Мы не настолько глупы, чтобы предположить, будто она на самом деле спрашивает нас. И потом, откуда нам знать?
– Необитаемый остров, – говорит она затем, всё ещё улыбаясь, – это лучший способ напомнить мужчине о том, что иногда следует спать и со своей женой тоже. Ну, теперь, когда все остальные умерли, у него просто нет другого выхода, так ведь?
В эту минуту действительно похоже, что она готова заплакать, только вместо этого она вдруг поворачивается, протягивает руки и выхватывает из темноты безмолвную пухлую фигурку. На мгновение это её внезапное движение и ребёнок, возникший словно из ниоткуда, кажутся нам каким-то фокусом – как если бы обступающий нас сумрак сгустился и уступил, в ответ на её желание превратившись в маленькую бледную девочку, – но морок быстро рассеивается: на девочке знакомый красный комбинезон с подвернутыми на вырост рукавами, она немного озадачена стремительным своим перемещением, но сидит покорно, не сопротивляясь. Женщина, усадившая к себе на колени чужую дочь, кривит лицо, словно выпила текилы с солью.
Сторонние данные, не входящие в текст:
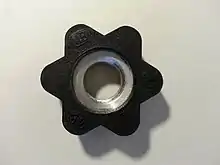 - замки-гайки для втулок 25 мм, 35 мм и 50 мм. Гайки для штанги со втулкой 25 мм не учитываются в массе, гайки для втулок 35 и 50 мм используются в разборных гантелях.

– Есть мнение, – говорит она, – что это вообще всё в голове. Понимаете? Нет никакой аллергии.
Она делает движение, словно собирается встать, задевает ногой фаянсовую кружку, из которой выплёскиваются едкие остатки спирта, тонкая струйка достигает вулканической, покрытой пеплом границы костра, слабо вспыхивает там.
– Самое смешное, – говорит она раздельно, чтобы все мы, слушающие, сумели оценить юмор, – самое смешное – у тебя было четырнадцать лет, чтобы разобраться. А ты понимаешь это только на сраном необитаемом острове. И всё, понимаете? И всё. Глупо, да?
Она еще немного смеётся в тишине, под треск и шипение сырых березовых поленьев, а потом закрывает глаза и осторожно нюхает нестираный детский капюшон и теплый висок под ним.
– Щёки ледяные, – говорит она. – Маринка, какая же ты дерьмовая всё-таки мать. – И встаёт, покачиваясь, держа девочку на весу. – Пойду согрею чаю детям, раз уж мы решили мёрзнуть тут до ночи.
Пока детей укладывают спать – они оставляют меня одну у огня и уходят втроём, словно для исполнения этой простой задачи на самом деле требуется три пары рук и три пары глаз, – четверть часа я сижу, дожидаясь их возвращения, остывая, погружаясь в темноту. Спирта осталось примерно треть бутылки, это количество стоило бы поделить поровну, но пока я жду их здесь, снаружи, на морозе, мне необходима лишняя, тайная порция, только моя, хотя бы для того, чтобы сберечь непрочное ощущение родства, возникшее случайно и готовое выветриться с первым же порывом холодного воздуха, с каждой лишней минутой, проведенной в молчаливом ожидании. Я не хочу трезветь и вспоминать о том, насколько мы четверо на самом деле неблизки друг другу, поэтому через силу глотаю горькую ледяную смесь, и все эти пятнадцать минут, пока я сижу, сжимая в ладонях кружку, я больше всего боюсь того, что, вернувшись, они не захотят больше разговаривать.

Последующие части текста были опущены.